He whirled around and saw a man sitting alone in one of
the booths, looking at him with chilly, contemptuous alert-
ness. The man was thin, but ropes of muscles moved under
his white undershirt and along the sides of his neck. He wore baggy white cook’s pants. A paper cap was cocked forward
over his left eyebrow. His head was narrow, weasellike. His hair was cut short, graying at the edges. Between his big
hands were a stack of invoices and a Texas Instruments calculator.
“I saw your Help Wanted sign,” Jack said, but now without
much hope. This man was not going to hire him, and Jack was not sure he would want to work for him anyway.

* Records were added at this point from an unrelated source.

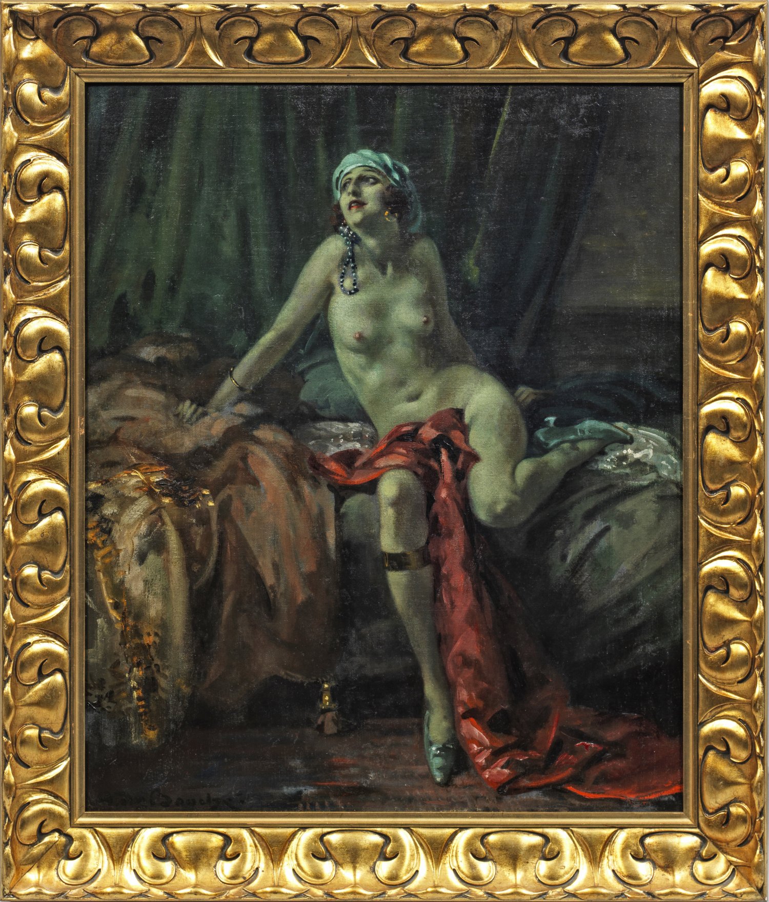 Traumverloren auf einem Bett sitzender Akt einer jungen Frau mit orientalischen Attributen, entstanden wohl um 1913. Schwerpunkt des Oeuvres von Arnulf de Bouché waren laszive Darstellungen weiblicher Akte, deren erotischen Reiz er oft durch ein exotisches, orientalisches Flair steigerte. Ab 1901 beschickte er die Ausstellungen im Münchener Glaspalast, 19o4 und 1914 nahm er überdies an den Großen Berliner Kunstausstellungen teil. Öl/Lwd., doubl; L. u. sign.; 65 cm x 54 cm. Rahmen.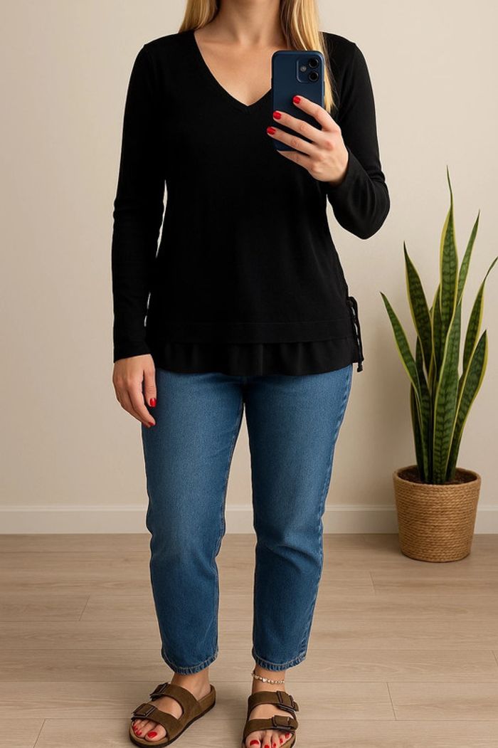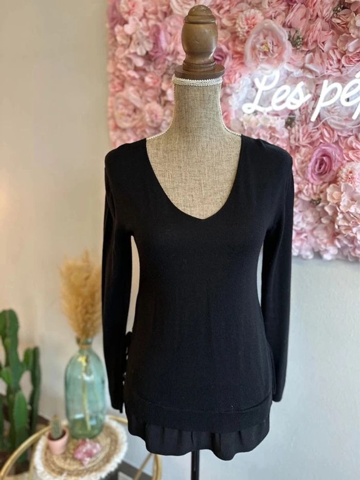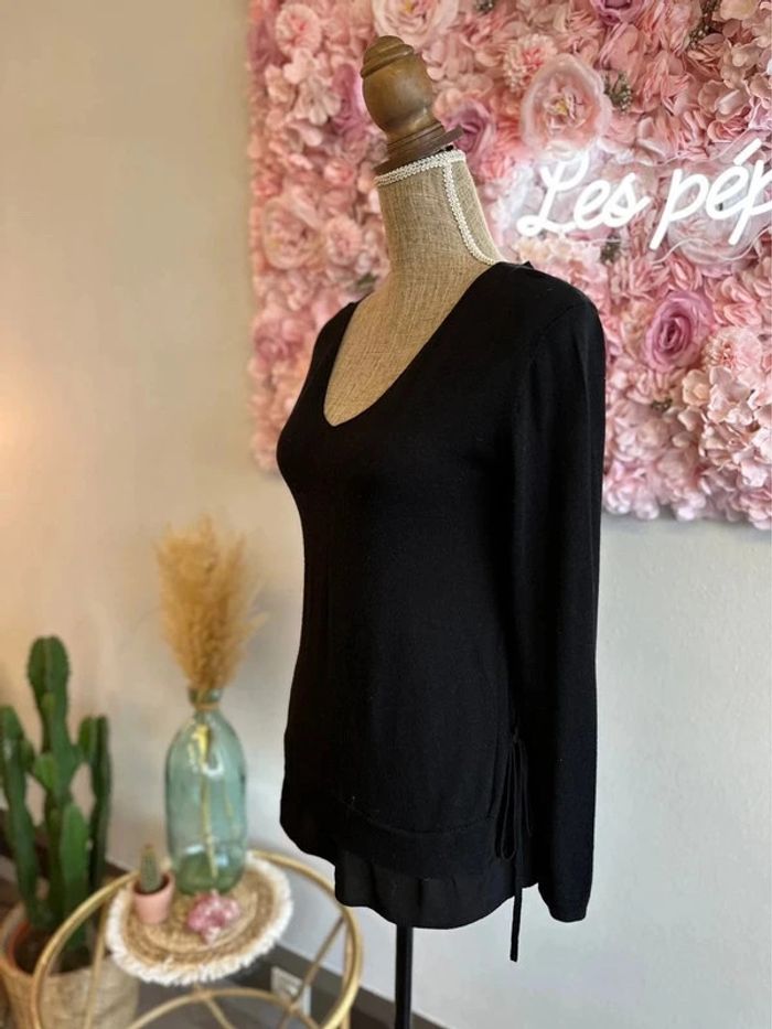 Ce charmant pull noir présente de beaux détails, notamment une toile en viscose en bas du pull avec des liens qui se resserrent, ajoutant une touche élégante à ses manches longues en coton. La taille 34 convient parfaitement, adaptée également à la taille 36. En parfait état, de la marque Caroll Paris. ℹ️ Photo portée générée à titre illustratif, pour vous donner une idée du rendu.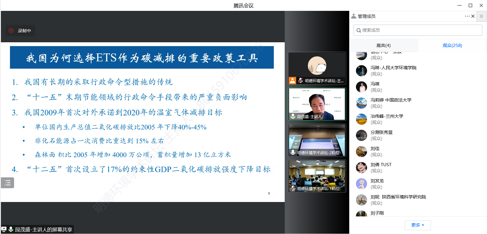 2022年10月22日,yl1111永利集团环境公司主办的“明德环境学术讲坛”第七讲以线上线下结合的方式成功举办。本次讲坛邀请清华大学能源环境经济研究所副所长段茂盛教授作了题为“我国碳排放权交易体系建设中的关键问题和特点”的学术报告。yl1111永利集团环境公司经理庞军教授首先致辞,代表公司对段茂盛教授为公司师生作学术报告表示诚挚感谢。会议由yl1111永利集团环境公司昌敦虎副教授主持。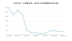 2022年10月,柯米克销量为319辆,同比下降89.26%,环比下降3.04%。2021年10月-2022年10月份,柯米克销量为12583辆,同比下降70.38%。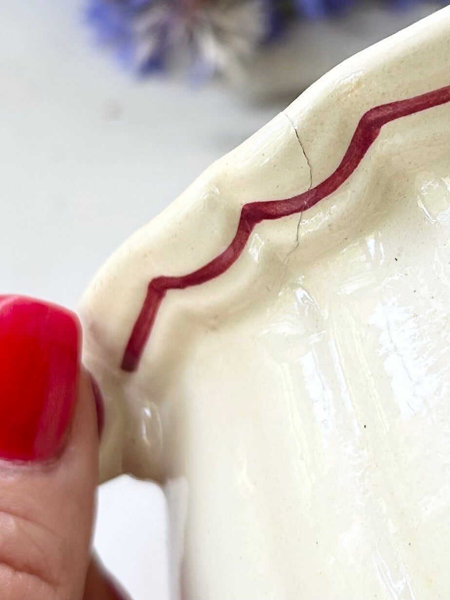 • État : bonne condition générale. Légère fêlure à la cuisson, visible sur les photos, mais n’altérant ni l’esthétique ni la solidité de la pièce.

This guy
looked mean.
“You did, huh?” the man in the booth said. “You must have
learned to read on one of the days you weren’t playing
hooky.” There was a package of Phillies Cheroots on the
table. He shook one out.
“Well, I didn’t know it was a bar,” Jack said, taking a step back toward the door. The sunlight seemed to come through
the dirty glass and then just fall dead on the floor, as if the Oatley Tap were located in a slightly different dimension. “I guess I thought it was . . . you know, a bar and grill. Something like that. I’ll just be going.”
“Come here.” The man’s brown eyes were looking at him
steadily now.
“No, hey, that’s all right,” Jack said nervously. “I’ll just—”
“Come here. Sit down.” The man popped a wooden match
alight with his thumbnail and lit the cigar. A fly which had been preening on his paper hat buzzed away into the darkness. His eyes remained on Jack. “I ain’t gonna bite you.”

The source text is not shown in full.